I don’t review every act I see at the festival (though with over 20 reviews this year, I do review a lot!). The nature of festival theatre and circus means that it sometimes feels unfair to judge a performance that has gone wrong – though there’s a balance here – but what if the falling apart is what makes it great?
Lynam arrives on stage resembling Tom Waits on acid, which is appropriate as – when the show eventually begins – he launches into a raucous, growling version of Jesse James that Waits himself would be proud of.
The song descends into deranged madness as Lynam has audience members act out the train robbery and murders central to the song with cardboard cutouts of guns and money bags before Lynam and Pastor segue back into the song.

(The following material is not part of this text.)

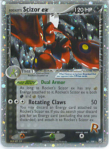 | Type | Darkness | | Pokemon serie | Team Rocket Returns | | Stadie | Stage 1 | | HP | 120 | | Sjældenhed | Ultra-Rare | | Tilbagetrækning | 1 | | Modstand | G | | Svaghed | R | | Kortnummer | 101 | | Evne | [CCC] Rotating Claws (50) You may discard an Energy card attached to Rocket's Scizor ex. If you do, search your discard pile for an Energy card (excluding the one your discarded) and attach it to Rocket's Scizor ex. | | Evne2 | [CCC] Rotating Claws (50) You may discard an Energy card attached to Rocket's Scizor ex. If you do, search your discard pile for an Energy card (excluding the one your discarded) and attach it to Rocket's Scizor ex. | | Kunstner | Hikaru Koike |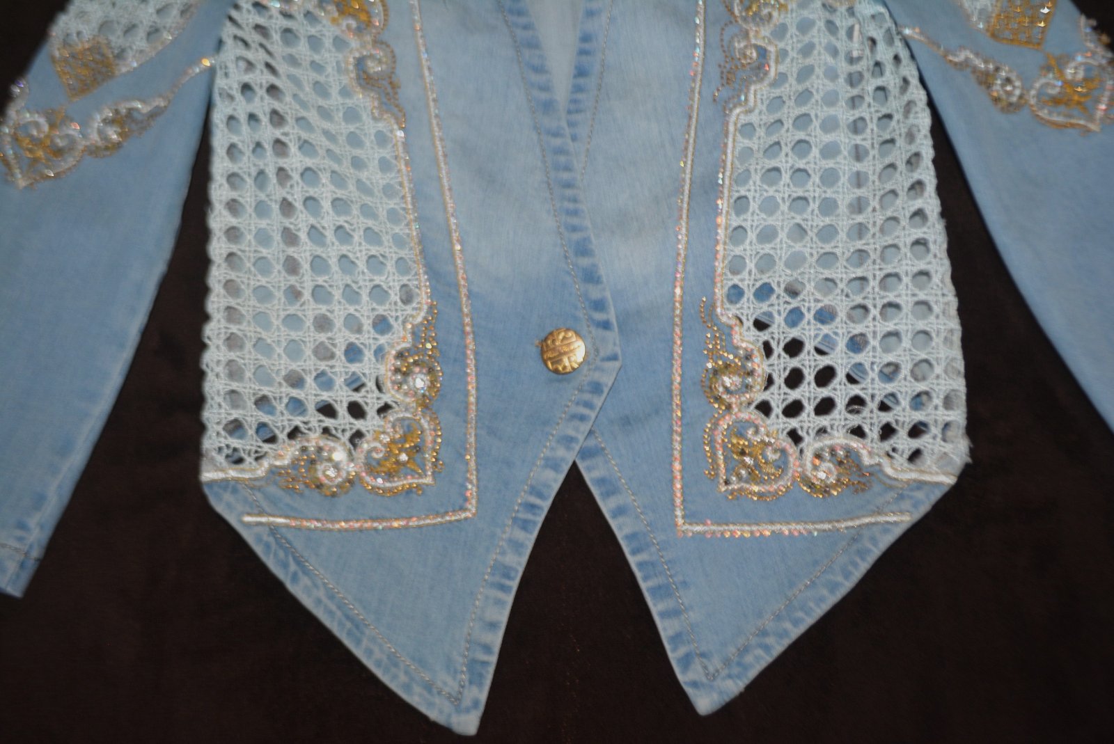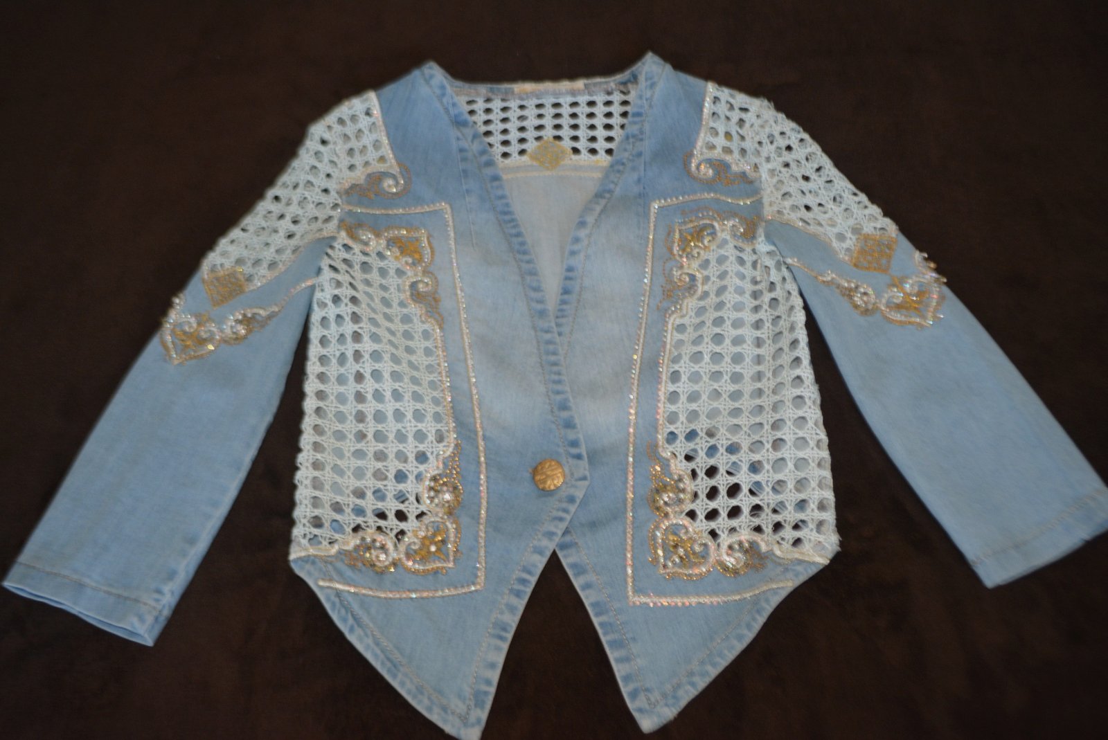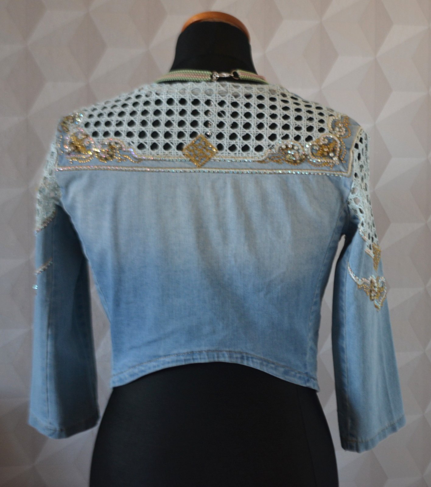Krásne riflové sačko Raw Couture, veľ. XS, rozmery: dĺžka po špic vpredu 54cm, vzadu je kratšie - dĺžka 33cm. Pod pazuchami 2x44cm, rukáv je 3/4 dĺžky, od pleca 43 a od pazuchy 31cm.

But before we get to that point, Lynam and Pastor are so entirely beset by technical issues with nothing seeming to work on stage.
Lynam expertly kills time, ramping up the bizarre here on the A Little Sensation stage. ‘Do you swear, child?’ he asks a small child sitting in the front row. You feel he might start teaching them a few swear words, drawing nervous laughter from the audience.
‘It’s gonna be funny in a minute,’ he repeats with decreasing conviction with increasing comic effect as things spiral. Of course, it’s already funny; Lynam is an expert in clowning.
Sadly, the technical issues impact the show so much that it becomes impossible to continue as planned, so Lynam finishes with a bizarre fairytale and sends us on our way wanting more madness.